- [EXERCISE]:
Retype the whole listing exactly. Leave out pictures.

- [DATA SEGMENT]:
┄┄┄┄┄┄
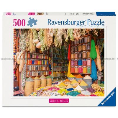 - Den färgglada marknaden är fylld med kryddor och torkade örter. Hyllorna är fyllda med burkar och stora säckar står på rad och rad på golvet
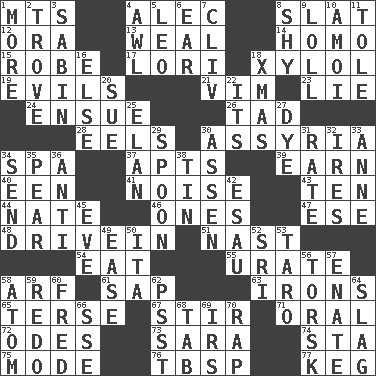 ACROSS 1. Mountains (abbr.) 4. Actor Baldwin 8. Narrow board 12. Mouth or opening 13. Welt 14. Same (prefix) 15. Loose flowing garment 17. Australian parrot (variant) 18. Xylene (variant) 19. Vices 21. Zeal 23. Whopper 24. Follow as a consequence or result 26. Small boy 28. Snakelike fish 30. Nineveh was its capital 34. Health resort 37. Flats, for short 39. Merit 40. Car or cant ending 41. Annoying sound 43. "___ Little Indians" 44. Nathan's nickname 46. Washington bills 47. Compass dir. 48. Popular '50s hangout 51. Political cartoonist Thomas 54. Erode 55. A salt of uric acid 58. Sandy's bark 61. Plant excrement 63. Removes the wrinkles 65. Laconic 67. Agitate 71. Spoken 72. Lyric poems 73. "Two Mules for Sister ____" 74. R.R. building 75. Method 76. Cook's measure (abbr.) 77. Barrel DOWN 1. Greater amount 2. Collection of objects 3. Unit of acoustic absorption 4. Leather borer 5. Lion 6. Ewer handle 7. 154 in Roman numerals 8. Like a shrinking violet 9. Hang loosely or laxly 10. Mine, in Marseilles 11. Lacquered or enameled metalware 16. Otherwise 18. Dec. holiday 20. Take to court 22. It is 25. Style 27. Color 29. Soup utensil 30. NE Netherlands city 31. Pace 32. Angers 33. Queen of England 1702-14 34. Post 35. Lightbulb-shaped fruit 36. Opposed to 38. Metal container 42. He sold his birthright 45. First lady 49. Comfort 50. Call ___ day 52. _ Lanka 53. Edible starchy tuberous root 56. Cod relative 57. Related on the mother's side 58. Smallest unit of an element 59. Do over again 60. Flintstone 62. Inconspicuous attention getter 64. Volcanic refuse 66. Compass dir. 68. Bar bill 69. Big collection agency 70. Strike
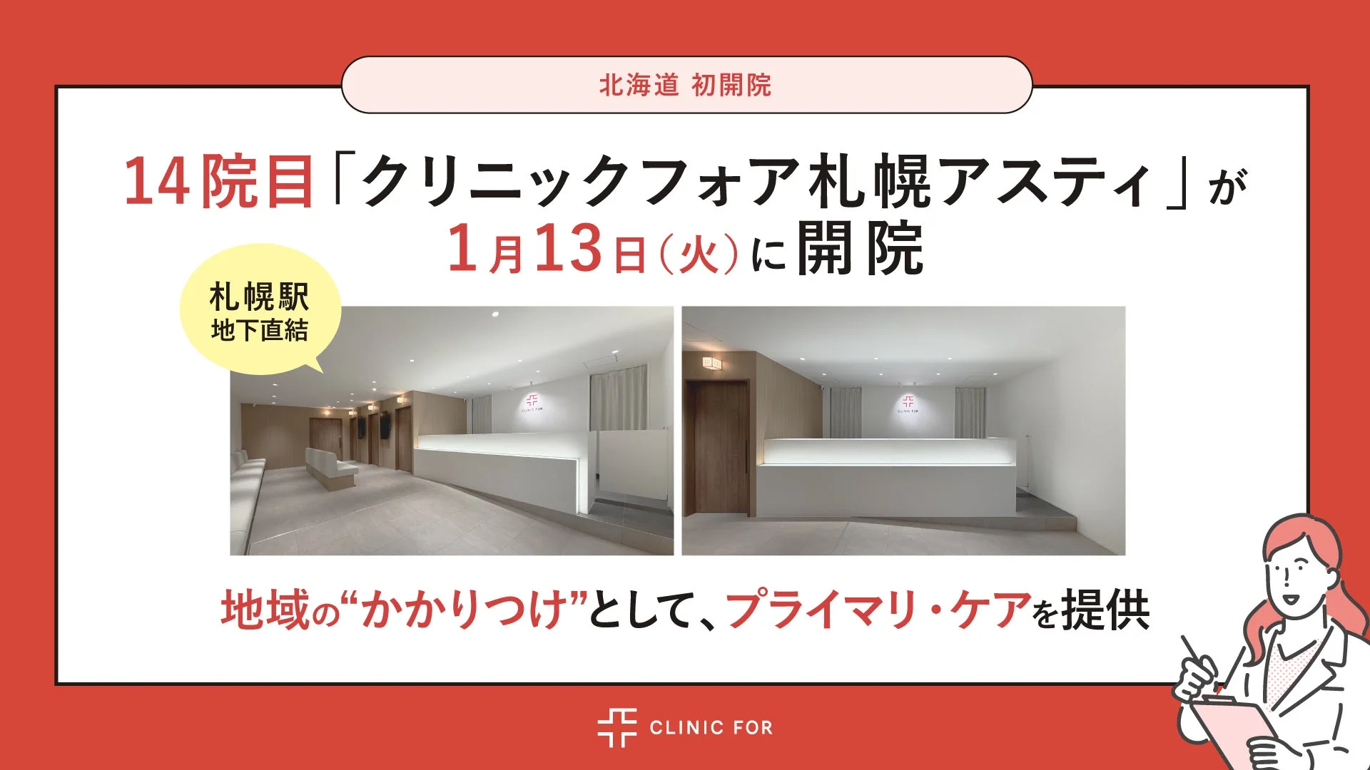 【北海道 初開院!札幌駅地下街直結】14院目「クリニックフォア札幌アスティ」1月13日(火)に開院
┄┄┄┄┄┄
- [SOLVED PROBLEM]:
 - Den färgglada marknaden är fylld med kryddor och torkade örter. Hyllorna är fyllda med burkar och stora säckar står på rad och rad på golvet
 ACROSS 1. Mountains (abbr.) 4. Actor Baldwin 8. Narrow board 12. Mouth or opening 13. Welt 14. Same (prefix) 15. Loose flowing garment 17. Australian parrot (variant) 18. Xylene (variant) 19. Vices 21. Zeal 23. Whopper 24. Follow as a consequence or result 26. Small boy 28. Snakelike fish 30. Nineveh was its capital 34. Health resort 37. Flats, for short 39. Merit 40. Car or cant ending 41. Annoying sound 43. "___ Little Indians" 44. Nathan's nickname 46. Washington bills 47. Compass dir. 48. Popular '50s hangout 51. Political cartoonist Thomas 54. Erode 55. A salt of uric acid 58. Sandy's bark 61. Plant excrement 63. Removes the wrinkles 65. Laconic 67. Agitate 71. Spoken 72. Lyric poems 73. "Two Mules for Sister ____" 74. R.R. building 75. Method 76. Cook's measure (abbr.) 77. Barrel DOWN 1. Greater amount 2. Collection of objects 3. Unit of acoustic absorption 4. Leather borer 5. Lion 6. Ewer handle 7. 154 in Roman numerals 8. Like a shrinking violet 9. Hang loosely or laxly 10. Mine, in Marseilles 11. Lacquered or enameled metalware 16. Otherwise 18. Dec. holiday 20. Take to court 22. It is 25. Style 27. Color 29. Soup utensil 30. NE Netherlands city 31. Pace 32. Angers 33. Queen of England 1702-14 34. Post 35. Lightbulb-shaped fruit 36. Opposed to 38. Metal container 42. He sold his birthright 45. First lady 49. Comfort 50. Call ___ day 52. _ Lanka 53. Edible starchy tuberous root 56. Cod relative 57. Related on the mother's side 58. Smallest unit of an element 59. Do over again 60. Flintstone 62. Inconspicuous attention getter 64. Volcanic refuse 66. Compass dir. 68. Bar bill 69. Big collection agency 70. Strike
 【北海道 初開院!札幌駅地下街直結】14院目「クリニックフォア札幌アスティ」1月13日(火)に開院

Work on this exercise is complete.